Al Globus, CSC at NASA Ames Research Center

Sean Atsatt, Sierra Imaging, Inc.

John Lawton, University of California at Santa Cruz

Todd Wipke, University of California at Santa Cruz

Link: http://alglobus.net/NASAwork/papers/JavaGenes2/JavaGenesPaper.html

Abstract

Most genetic algorithms use string or tree representations. To apply genetic algorithms to graphs, a good crossover operator is necessary. We have developed a general-purpose, novel crossover operator for directed and undirected graphs <1>, and used this operator to evolve molecules and circuits. Unlike strings or trees, a single point in the representation cannot divide every possible graph into two parts, because graphs may contain cycles. Thus, the crossover operator is non-trivial. A steady-state, tournament selection genetic algorithm code (JavaGenes) was used test the graph crossover operator. JavaGenes has successfully evolved pharmaceutical drug molecules and simple digital circuits. For example, morphine, cholesterol, and diazepam were successfully evolved by 30-60% of runs within 10,000 generations using a population of 1000 molecules. Since representation strongly affects genetic algorithm performance, adding graphs to the evolutionary programmer's bag-of-tricks should be beneficial. Also, since graph evolution operates directly on the phenotype, genotype to phenotype decoding is eliminated <2>.

<1> Can the general-purpose crossover method be applied on social network? Since, the size of nodes and edges in social network is larger than molecules and simple digital circuits.

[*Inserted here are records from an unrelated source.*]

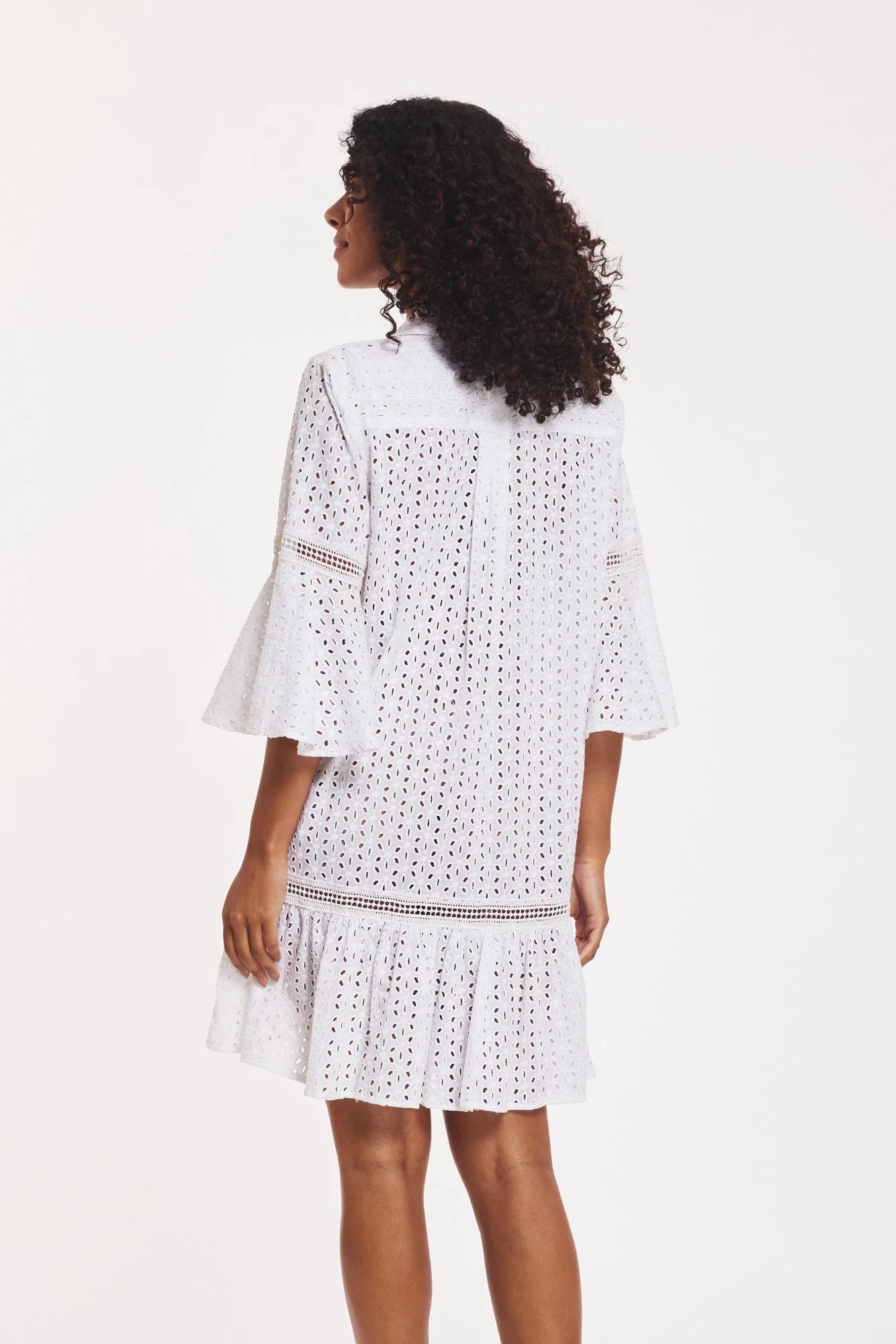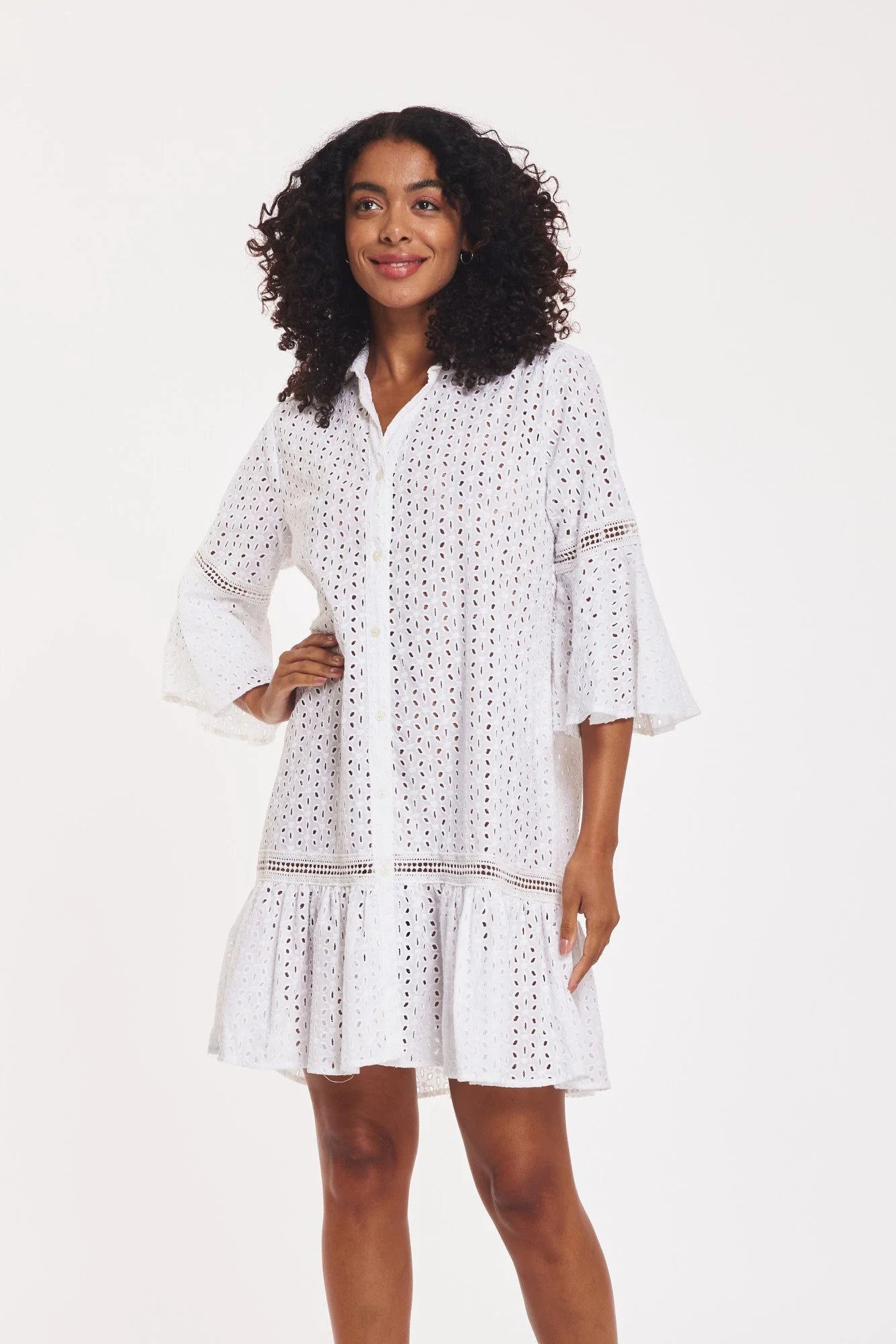 Indulge in timeless sophistication with the Delaney White Eyelet Lace Dress. Crafted from breathable cotton eyelet lace, this elegant silhouette features delicate flare sleeves and intricate lace trim for a feminine, elevated finish. A refined yet effortless piece designed to enhance your everyday wardrobe.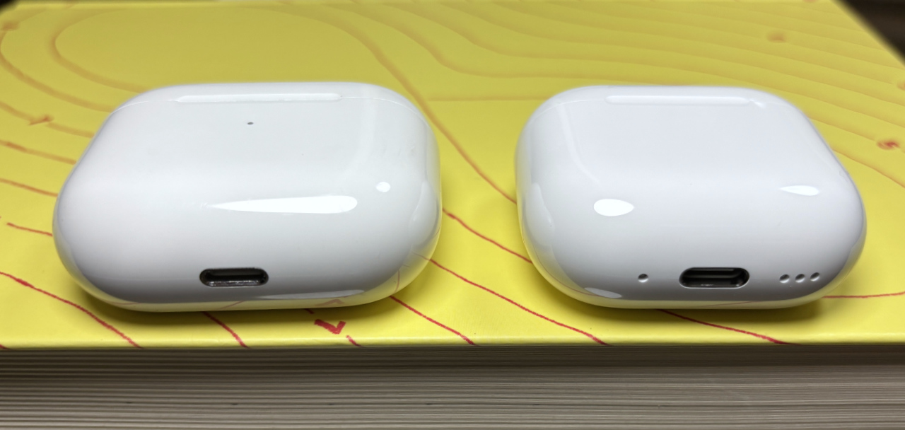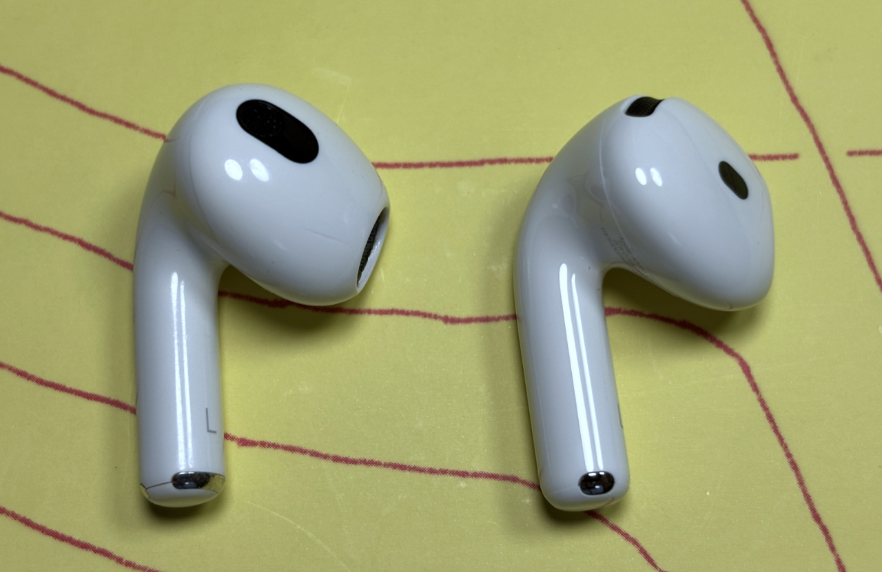 개별 이어폰 유닛은 타공 위치나 충전 연결부가 달라졌지만 겉보기 크기는 비슷합니다. 착용감은 3세대 쪽에 가깝지만 완전히 같지는 않은데, 1~2세대 대비 3세대 모양이 귀에 안 맞다고 했던 분이라면 4세대도 별로라고 생각할 듯 하겠네요 (저는 양 쪽 다 괜찮은 쪽입니다).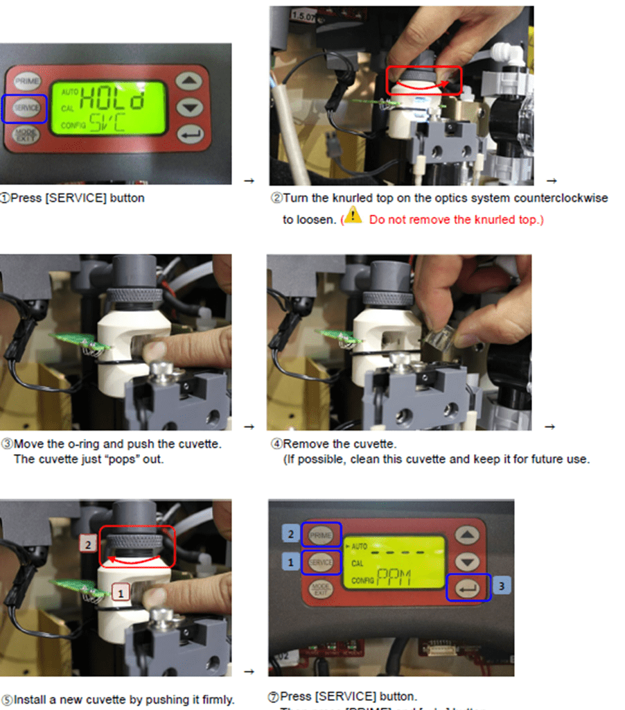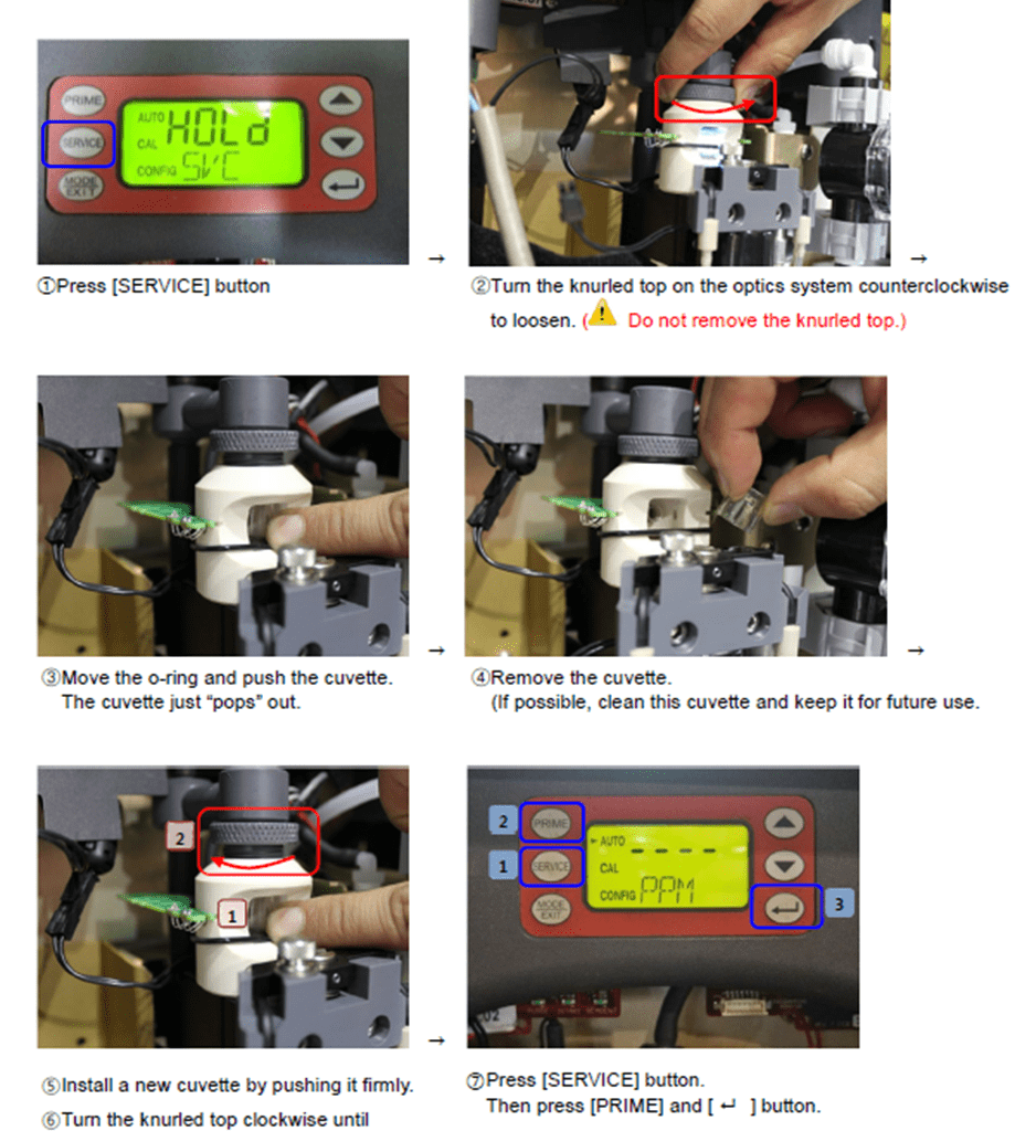 5. Check for any contamination on the cuvette. Clean or replace it as needed. If the cuvette appears badly soiled or discolored, replace it following the steps below.

<2> The encoding and decoding process is necessary, otherwise it may loss some informaion. In TSP, encoding is in one dimension but still can be decoded to the graph, but not all conditions satisfy this.

Introduction

Genetic algorithms have been usefully applied to two data structures, strings and trees. One might ask: "Can the same techniques may be usefully extended to other data structures; for example, graphs?" Graph mutation operators are fairly obvious and easy to implement. JavaGenes implements several graph mutation operators (add vertex, add edge, change vertex, change edge, etc.), but these are not the focus of this paper. Crossover is easy to implement for strings and trees because these data structures can be divided into two pieces at any point. Graph crossover can be accomplished by breaking edges. However, graph crossover is complex because:

Graph crossover cannot trivially divide the data structure at any point, because any edge may be a member of one or more cycles. All of these cycles may need to be broken to divide the graph into two pieces if the edges to break are chosen at random to avoid biasing the search. One cannot avoid breaking edges involved in cycles, because then the cycle structure will not evolve.

Graph fragments produced by division may have more than one crossover point ("broken edges") that requires reattachment during fragment combination.

When two fragments are combined they may have different numbers of broken edges to be merged.

For a graph crossover operator to potentially reach any possible graph from an initial random population, the crossover operator must be able to create and destroy individual cycles, fused cycles (cycles that share edges), cages (two or more cycles, each pair of which share at least two edges), and combinations of fused cycles and cages.

The primary contribution of this paper is to introduce a new graph crossover operator that:

Can operate on any connected directed or undirected graph. A connected graph is one where every pair of vertices is connected by at least one set of edges.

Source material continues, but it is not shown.